The next form design best practice is to provide sensible defaults. I got this far in the design before I remembered that some of these users are already logged into CrowdVine so we already have their name and email. So we can pre-fill those.

Rails Contact Form Best Practices
In Rails, the way that you validate forms that aren’t tied to a database model is with ActiveForm. Many of the blog posts about using ActiveForm use a contact form as an example use case. Clearly, this is the right model for us. However, I couldn’t figure out which is the proper plugin to install. There’s a competing, but different Gem, and there are several forked branches of the plugin on GitHub. I’m pretty sure this is the one to pull from:
http://github.com/cs/active_form

The ReCaptcha plugin worked great, except that I couldn’t find a way to write a functional test to submit the form with correct Captcha text. I worked around it by getting as close as possible to submission in my functional tests and then making sure the unit test coverage was good.

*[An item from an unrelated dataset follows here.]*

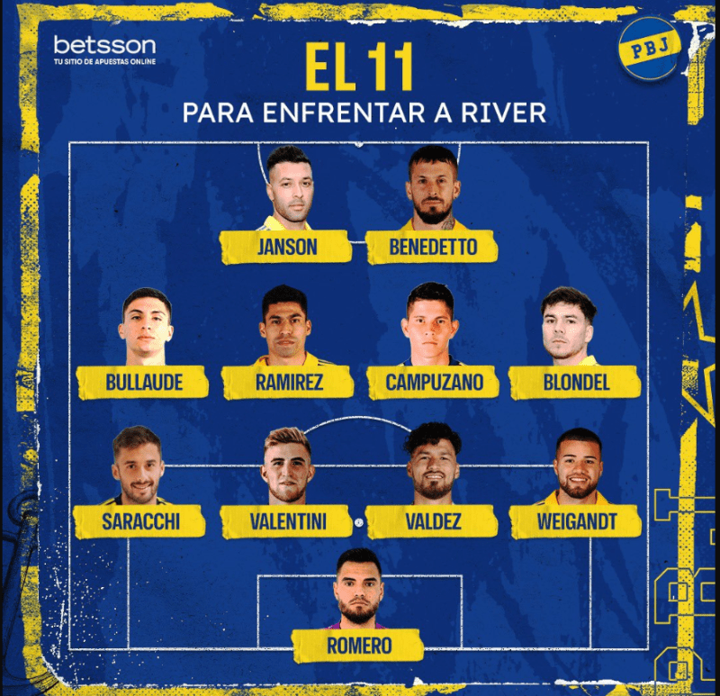 Romero; Weigandt, Valdez, Valentini, Sarachi; Blondel, Bullaude, Campuzano, Ramírez; Benedetto y Janson es el equipo titular que saltará al campo de juego de La Bombonera en tan solo unos minutos. En un marco imponente y de constante aliento por parte del hincha xeneize, el aficionado peruano espera con ansias que Luis Advíncula pueda tener minutos y de esta manera siga incrementando su nivel en esta clase de escenarios que captan la atención del planeta entero.

I did some searching for a ruby library for email validation. Even though everyone and their brother writes their own regular expression for this, I know the best practice is to go with something that’s well tested. Unfortunately, in Rails, it’s nearly an officially sanctioned practice to go with this liberal, but incomplete regex: /\A([^@\s]+)@((?:[-a-z0-9]+\.)+[a-z]{2,})\Z/. That regex is even in the official Rails documentation. So, that’s what I did. For regex geeks, the characteristics of that regex are that it accepts some malformed emails, but never (I think) rejects valid emails.

Liquid Templates
Remember the gotcha about wanting to give sites an option to opt-out of this feature? We open up a lot of CrowdVine for customization through Liquid templates. Liquid is a user-safe templating engine, which means it’s safe for one site to edit and change a template without having access to data from other sites. In this case users have three places to override our default contact form. They can edit the template with our footer links and link somewhere else. They can edit the contact page template and put their own contact information. Or, finally, they can edit the contact-received page that people see once they’ve submitted the contact form (for example if the site wants to be more explicit about when they will respond).

We basically love Liquid templates although there seems to be a lot of magic going on, so I’m never sure when we start in on one whether it’s going to be straight forward to complete. In this case, my big concern was whether ActiveForm would play well with Liquid. The good news is that they did–you can open up your ActiveForm model attributes with the liquid_methods shortcut (this makes sense once you start working with Liquid templates).

How would you make this even more ultimate?